TASK: Exclude every picture. Output verbatim the lines from the one containing "Let your child's" to the end of the data.

(Dataset items)
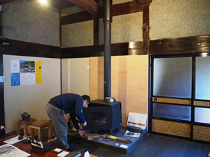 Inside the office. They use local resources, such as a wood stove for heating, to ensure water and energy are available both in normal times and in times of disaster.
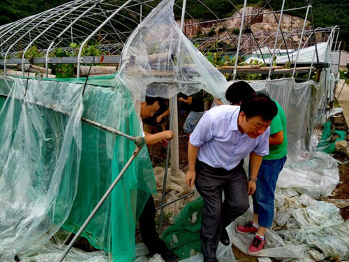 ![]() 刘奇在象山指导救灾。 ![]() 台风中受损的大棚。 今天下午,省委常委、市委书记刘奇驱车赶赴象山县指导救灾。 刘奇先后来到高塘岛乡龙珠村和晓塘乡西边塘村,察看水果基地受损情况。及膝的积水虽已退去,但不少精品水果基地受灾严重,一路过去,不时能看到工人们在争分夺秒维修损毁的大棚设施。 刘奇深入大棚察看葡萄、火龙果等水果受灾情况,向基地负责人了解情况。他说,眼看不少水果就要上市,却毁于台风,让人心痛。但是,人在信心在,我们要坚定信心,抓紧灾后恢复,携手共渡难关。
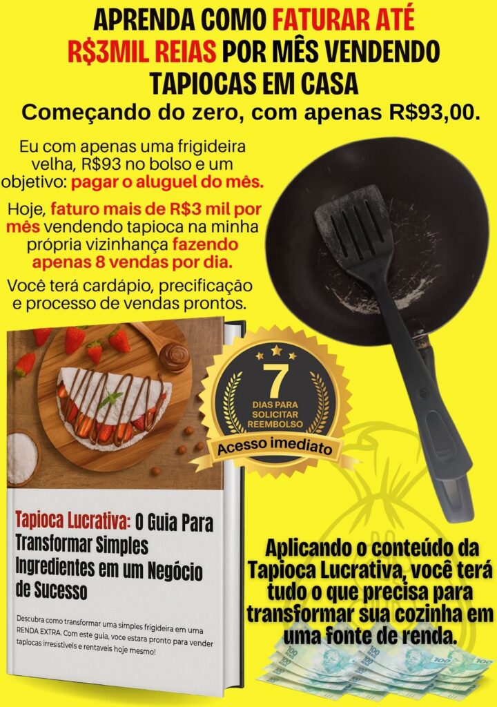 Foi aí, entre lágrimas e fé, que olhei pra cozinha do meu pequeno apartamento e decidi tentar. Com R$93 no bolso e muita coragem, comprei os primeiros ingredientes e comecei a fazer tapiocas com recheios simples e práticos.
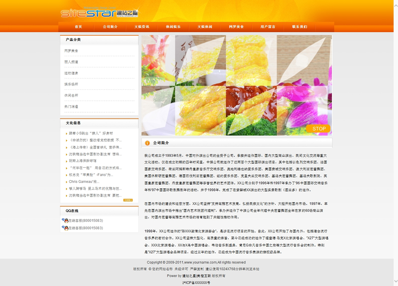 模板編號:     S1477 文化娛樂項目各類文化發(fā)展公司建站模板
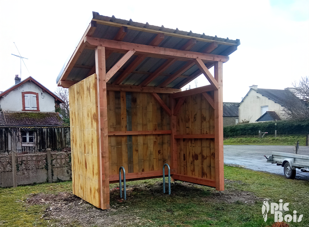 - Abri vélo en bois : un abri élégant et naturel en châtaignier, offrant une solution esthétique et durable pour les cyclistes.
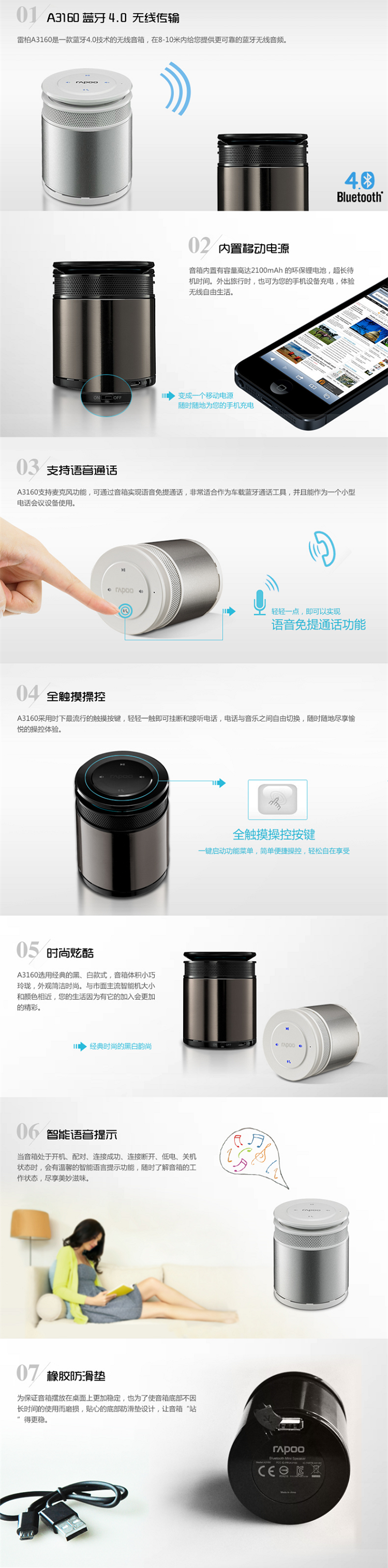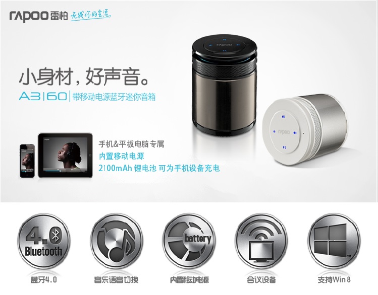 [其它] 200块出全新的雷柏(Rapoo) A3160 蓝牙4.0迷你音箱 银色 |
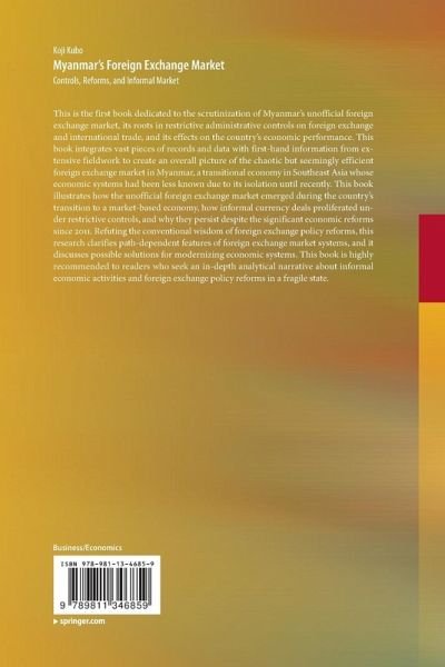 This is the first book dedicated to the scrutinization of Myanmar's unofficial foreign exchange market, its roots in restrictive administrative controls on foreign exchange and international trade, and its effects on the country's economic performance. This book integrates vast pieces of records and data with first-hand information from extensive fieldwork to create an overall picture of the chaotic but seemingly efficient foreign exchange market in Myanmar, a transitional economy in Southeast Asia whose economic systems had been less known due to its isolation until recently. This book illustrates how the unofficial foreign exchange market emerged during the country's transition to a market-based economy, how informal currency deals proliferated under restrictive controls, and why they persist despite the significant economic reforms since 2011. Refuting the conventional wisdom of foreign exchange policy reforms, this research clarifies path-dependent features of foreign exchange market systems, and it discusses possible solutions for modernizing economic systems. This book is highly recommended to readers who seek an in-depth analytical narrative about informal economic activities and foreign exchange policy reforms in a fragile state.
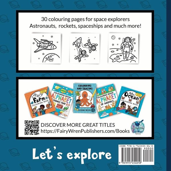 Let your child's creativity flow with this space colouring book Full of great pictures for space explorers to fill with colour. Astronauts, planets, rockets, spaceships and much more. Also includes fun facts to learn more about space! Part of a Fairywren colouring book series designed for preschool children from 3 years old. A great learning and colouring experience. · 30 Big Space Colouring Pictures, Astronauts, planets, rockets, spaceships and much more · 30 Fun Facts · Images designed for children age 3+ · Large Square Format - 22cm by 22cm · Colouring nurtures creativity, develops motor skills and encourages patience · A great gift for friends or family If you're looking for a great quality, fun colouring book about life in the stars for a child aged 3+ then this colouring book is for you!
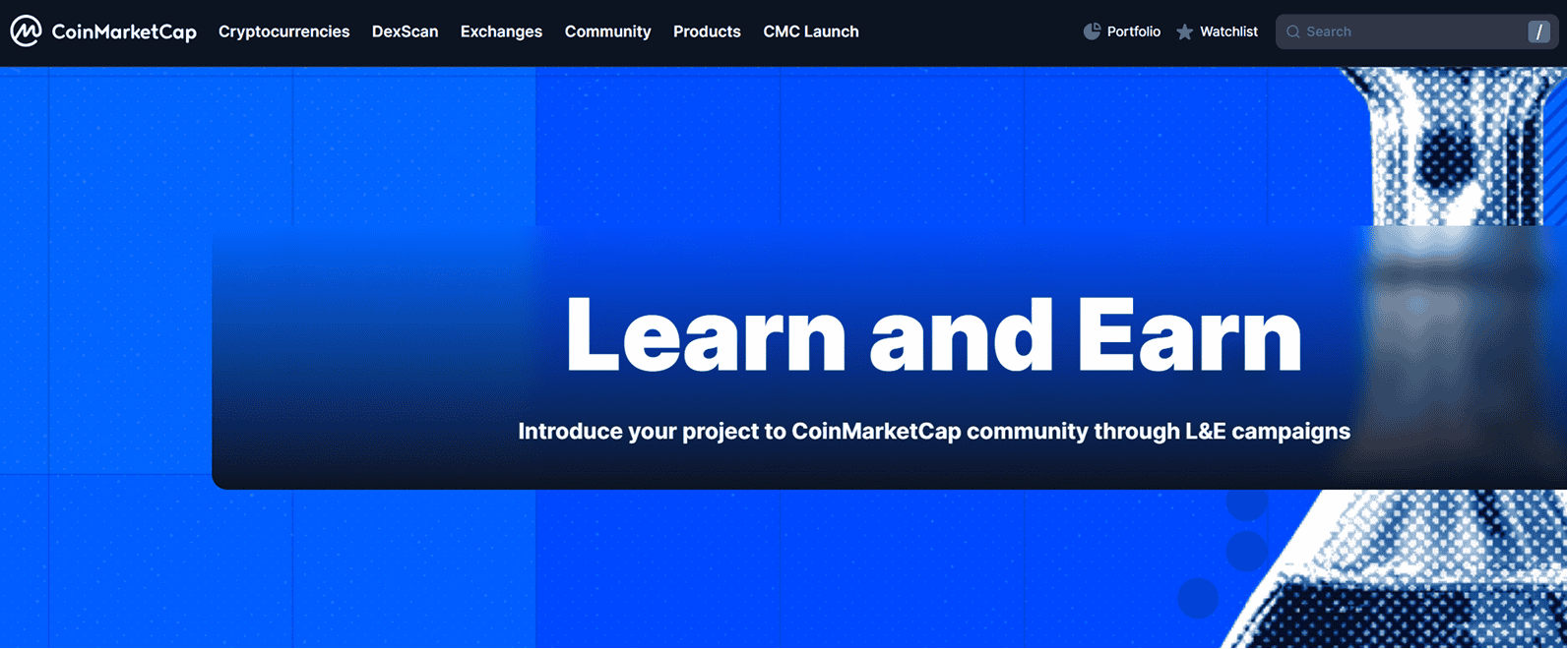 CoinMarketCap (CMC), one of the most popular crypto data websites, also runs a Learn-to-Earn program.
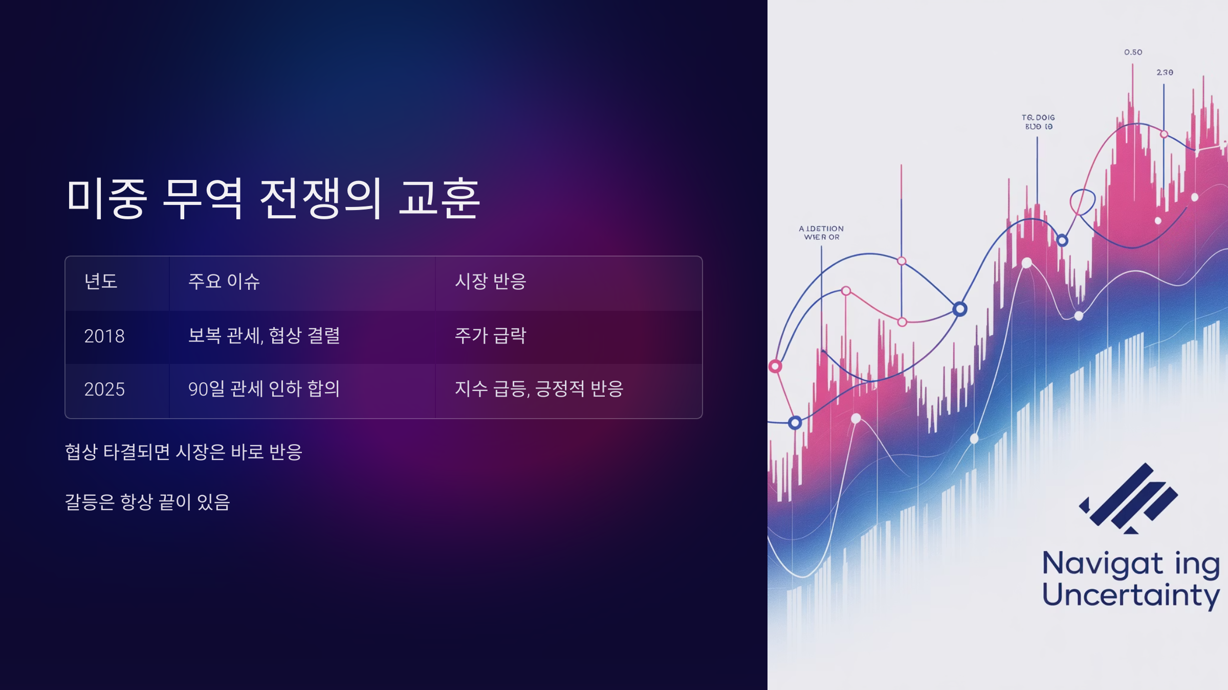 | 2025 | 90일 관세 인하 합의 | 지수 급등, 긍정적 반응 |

EXERCISE SOLUTION:
 Let your child's creativity flow with this space colouring book Full of great pictures for space explorers to fill with colour. Astronauts, planets, rockets, spaceships and much more. Also includes fun facts to learn more about space! Part of a Fairywren colouring book series designed for preschool children from 3 years old. A great learning and colouring experience. · 30 Big Space Colouring Pictures, Astronauts, planets, rockets, spaceships and much more · 30 Fun Facts · Images designed for children age 3+ · Large Square Format - 22cm by 22cm · Colouring nurtures creativity, develops motor skills and encourages patience · A great gift for friends or family If you're looking for a great quality, fun colouring book about life in the stars for a child aged 3+ then this colouring book is for you!
 CoinMarketCap (CMC), one of the most popular crypto data websites, also runs a Learn-to-Earn program.
 | 2025 | 90일 관세 인하 합의 | 지수 급등, 긍정적 반응 |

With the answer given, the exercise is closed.